Version vom 11:58, 30. Okt. 2008

An equation of the type "\displaystyle z^{n} = \text{a complex number}" is called a binomial equation and these are usually solved by going over to polar form and using de Moivre's formula.

We start by writing \displaystyle z and \displaystyle 1 in polar form

\displaystyle \begin{align}

z &= r(\cos\alpha + i\sin\alpha)\,,\\[5pt] 1 &= 1(\cos 0 + i\sin 0)\,\textrm{.} \end{align}

The equation then becomes

\displaystyle r^4(\cos 4\alpha + i\sin 4\alpha) = 1\,(\cos 0 + i\sin 0)\,,

where we have used de Moivre's formula on the left-hand side. In order that both sides are equal, they must have the same magnitude and the same argument to within a multiple of \displaystyle 2\pi, i.e.

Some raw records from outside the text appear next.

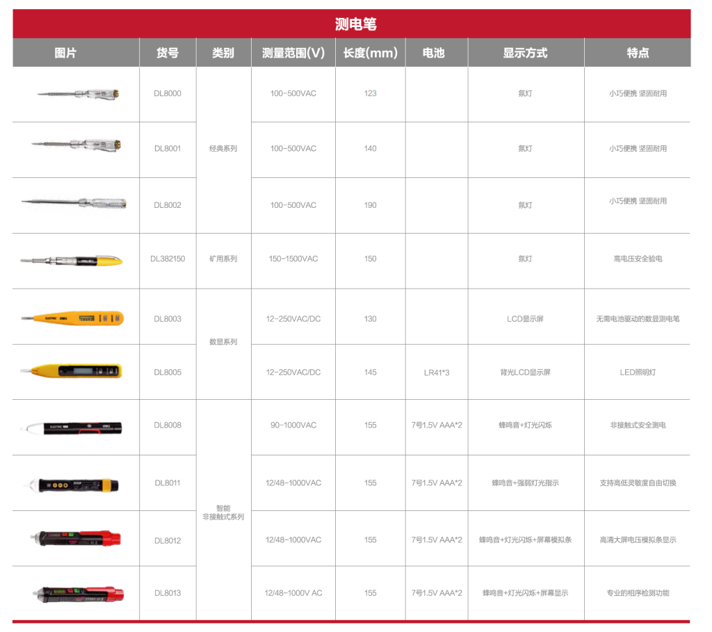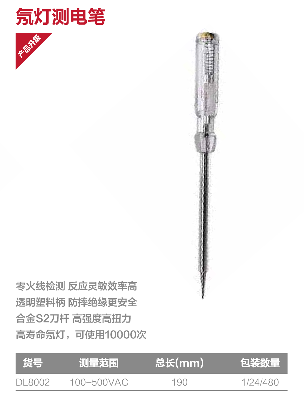 测电笔100-500V氖灯190mm(透明)(支);DL8002
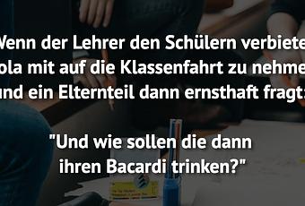 Auf Facebook teilen Vorige Folgende Wenn der Lehrer den Schülern verbietet Cola mit... Autor des Artikels : istdaslustig Zum Original-Artikel Wenn der Lehrer den Schülern verbietet Cola mit auf die Klassenfahrt zu nehmen und ein Elternteil dann ernsthaft fragt: "Und wie sollen die dann ihren Bacardi trinken?" Hier geht es zum Artikel Mehr Lustiges auf www.istdaslustig.de Auf Facebook teilen Vorige Folgende Das könnte Ihnen gefallen Mehr
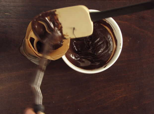 Coloque una punta del cornet abajo en su tarro. Utilice sus espátulas para cuidadosamente scoop y raspar el chocolate derretido en su cucurucho--tratan de evitar que cualquier chocolate en la parte superior 2" de la corneta. (Creo si vierte directamente de la taza es muy fácil de hacer un lío). Llenar el cono de un tercio a una mitad llena de chocolate derretido. No llene demasiado, puede parecer como se van a ahorrar tiempo, pero realmente sólo harás un lío. Levante el cono y sujetar con costura al frente. Apriete suavemente el chocolate hacia abajo hacia la base de la corneta. Tratar de que todos los chocolates de la parte superior dos pulgadas de la corneta. Doble los extremos de la corneta lejos de usted. Entonces empezar rodando el final de la corneta lejos de ti, como si fuera un tubo dentífrico. Cuando son tuberías con la corneta, seguir utilizando este movimiento de balanceo para exprimir el chocolate hacia fuera.
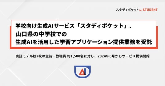学校向け生成AIサービス「スタディポケット」、山口県の中学校において、生成AIを活用した学習アプリケーション提供業務を受託
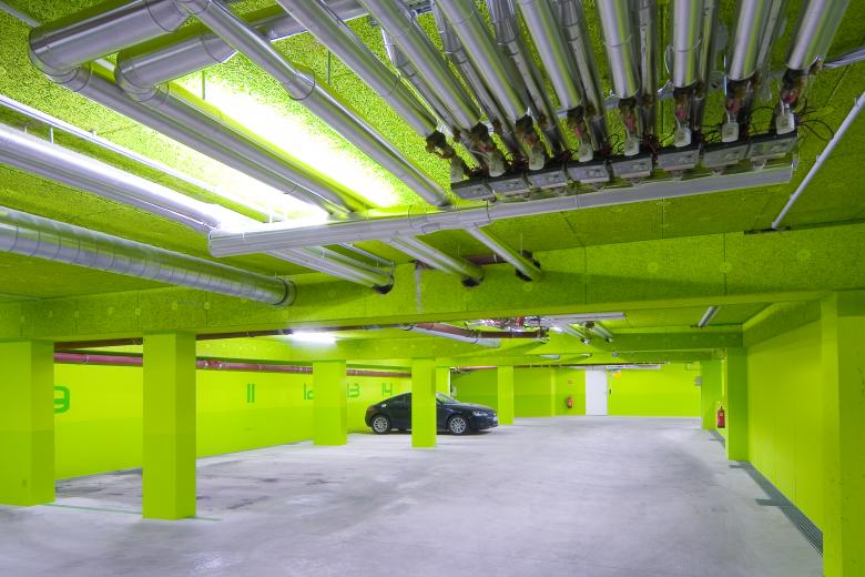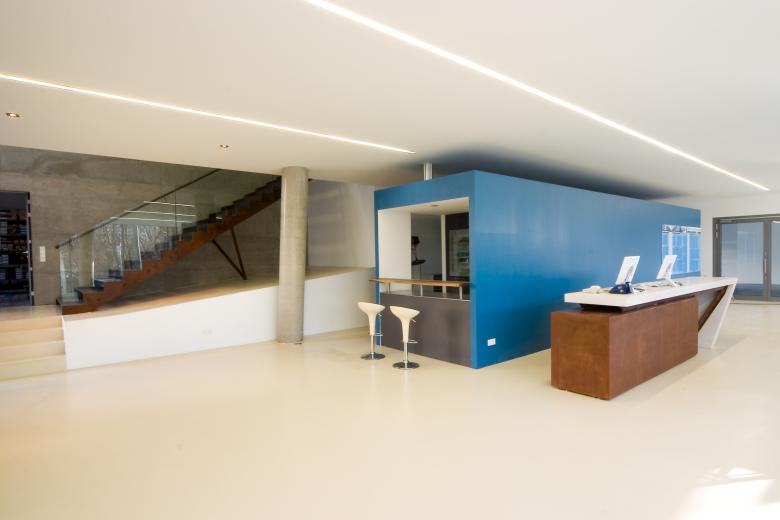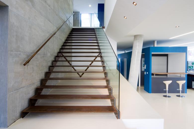 Das Erdgeschoß ist über die gesamte Länge verglast. Auserwählte Werkzeugbänke stehen wie freistehende Skulpturen in der Auslage. Im Innenraum finden sich ein heller Gussboden, geneigte Stahlbetonsstützen, voroxidierter Cortenstahl sowie ein corporategemäß blau gefärbtes Raummöbel mit Teeküche und Sanitärbereich.
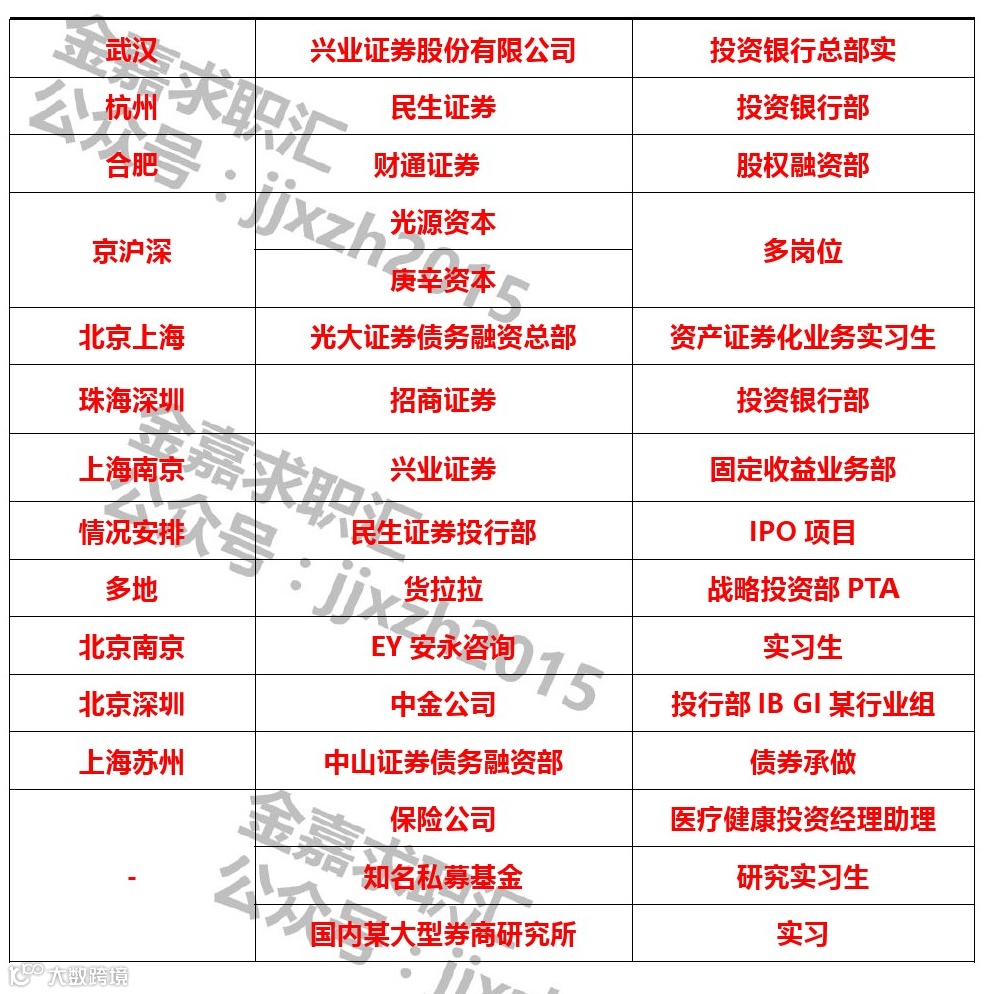 (2)沟通能力强,有券商投行、会计事务所、律师事务所等实习经历者优先;
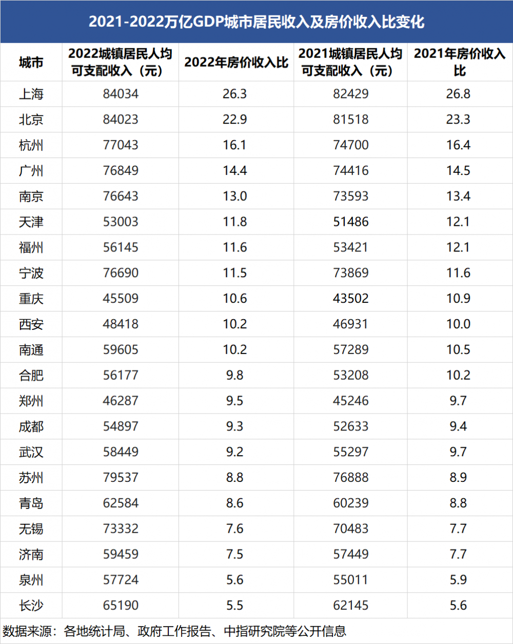我国城市众多,重点城市的房地产市场代表性更强、居民购房压力相对大。因此,21世纪经济报道将视线进一步聚焦到上海、北京、杭州、广州、南京、天津、福州、宁波、重庆、西安、南通、合肥、郑州、成都、武汉、苏州、青岛、无锡、济南、泉州、长沙、深圳、佛山和东莞这24个万亿GDP城市(截止到发稿,深圳、佛山和东莞尚未发布2022年城镇居民收入数据,主要统计其他21个城市)。
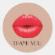 Una imagen de arte pop de brillantes labios de crimson rojos que se tambalean para un beso contra un fondo de color café. Este diseño está inspirado en el arte pop, el arte moderno, el arte gráfico, la cultura hipster y seguramente será una declaración. Perfecto para un pegatina de Gracias.
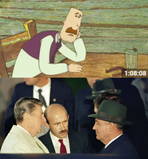 Персонаж с гранённым стаканом и Палажченко в компании Михал Сергеича и Рейгана:
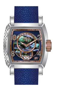 Band Material: Genuine Stingray, Band Tone: Blue, Band Size [mm]: 26, Band Length [mm]: 210, Buckle Type: Buckle . Please note that bands do not ship with spring bars or T bars. If you need these parts, please add them to your cart with the corresponding part sku.
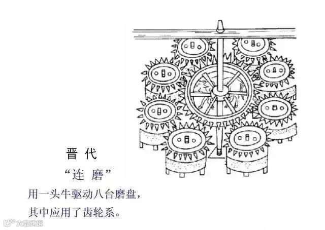 “连 磨”用一头牛驱动八台磨盘,其中应用了齿轮系。
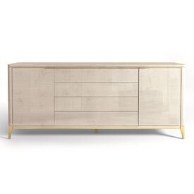Dos puertas con cierre retardado y estantes en el interior. Cuatro cajones centrales. El cajón superior con cierre retardado. Los tres cajones inferiores con sistema push. Tapa de madera. Base con patas de latón.
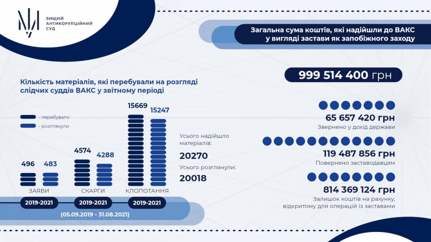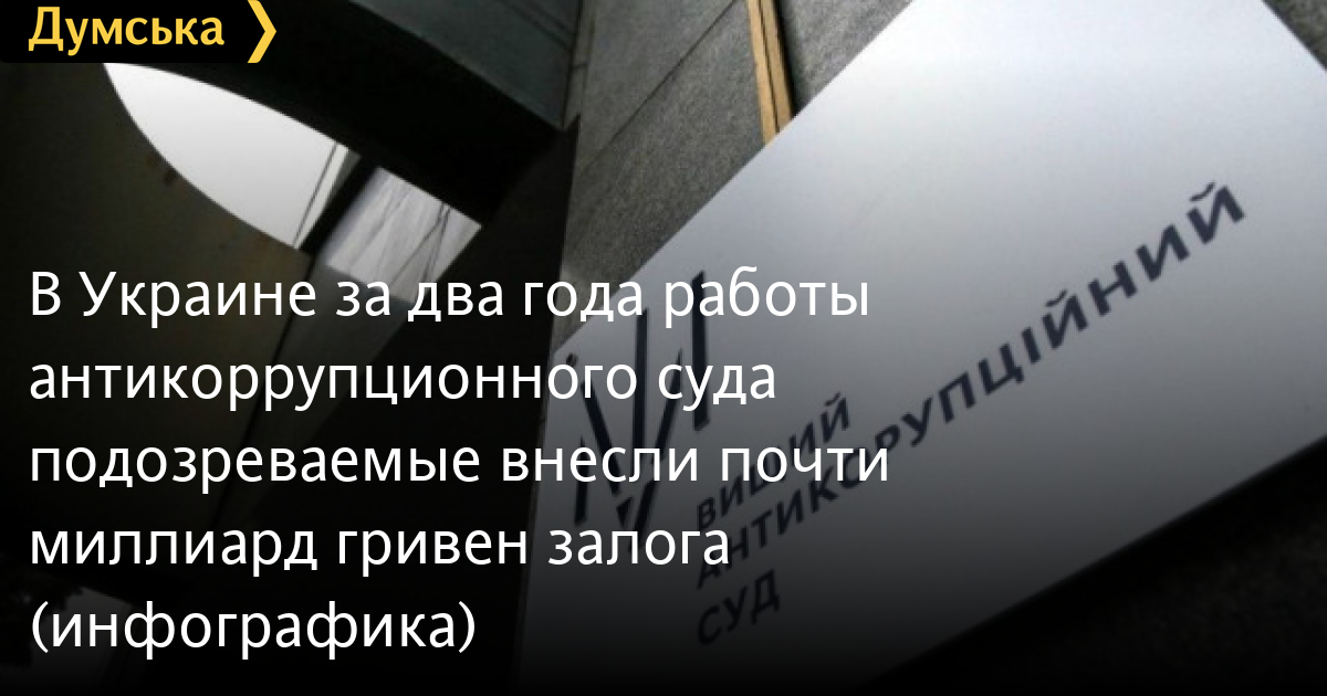 В Украине за два года работы антикоррупционного суда подозреваемые внесли почти миллиард гривен залога (инфографика)Почти миллиард гривен поступили на счет Высшего антикоррупционного суда в виде залога как меры пресечения от подозреваемых в совершении преступлений. Соответствующую инфографику опубликовали в ВАКСе по случаю второй годовщины запуска судебной инстанции. Из 999 млн 514 тыс. 400 гривен залога в доход государства перешли 65 млн 657 тыс. 420 гривен. Почти 119,5 млн вернули залогодателям, а более 814 млн гривен остаются на залоговом счете суда. Антикоррупционный суд заработал в начале сентября 2019 года. Его создания требовали западные партеры и МВФ. Необходимый закон был принят летом 2018 года, а конкурсный отбор судей завершился весной 2019 года. По состоянию на 31 августа 2021 года в ВАКС поступило более 20 тысяч материалов. СМЕРТЬ РОССИЙСКИМ ОККУПАНТАМ! Заметили ошибку? Выделяйте слова с ошибкой и нажимайте control-enter |

\displaystyle \left\{\begin{align}

r^{4} &= 1\,,\\[5pt] 4\alpha &= 0+2n\pi\,,\quad (\text{n is an arbitrary integer})\,\textrm{.} \end{align}\right.

This means that

\displaystyle \left\{\begin{align}

r &= 1\,,\\[5pt] \alpha &= \frac{n\pi}{2}\,,\quad \text{(n is an arbitrary integer).} \end{align}\right.

The solutions are thus (in polar form)

\displaystyle z = 1\cdot\Bigl(\cos\frac{n\pi}{2} + i\sin\frac{n\pi}{2}\Bigr)\,,\quad\text{for }n=0,\ \pm 1,\ \pm 2,\ldots

but observe that the argument on the right-hand side essentially takes only four different values \displaystyle 0, \displaystyle \pi/2, \displaystyle \pi and \displaystyle 3\pi/2\,, because other values of \displaystyle n give some of these values plus/minus a multiple of \displaystyle 2\pi\,.

The equation's solutions are therefore

\displaystyle z=\left\{\begin{align}

&1\cdot(\cos 0 + i\sin 0)\,,\\[5pt] &1\cdot(\cos (\pi/2) + i\sin (\pi/2))\,,\\[5pt] &1\cdot(\cos \pi + i\sin \pi)\,,\\[5pt] &1\cdot(\cos (3\pi/2) + i\sin (3\pi/2))\,, \end{align}\right. = \left\{ \begin{align} 1\,,&\\[5pt] i\,,&\\[5pt] -1\,,&\\[5pt] -i\,\textrm{.}& \end{align}\right.


Note: If we mark these solutions on the complex number plane, we see that they are corners in a regular quadrilateral.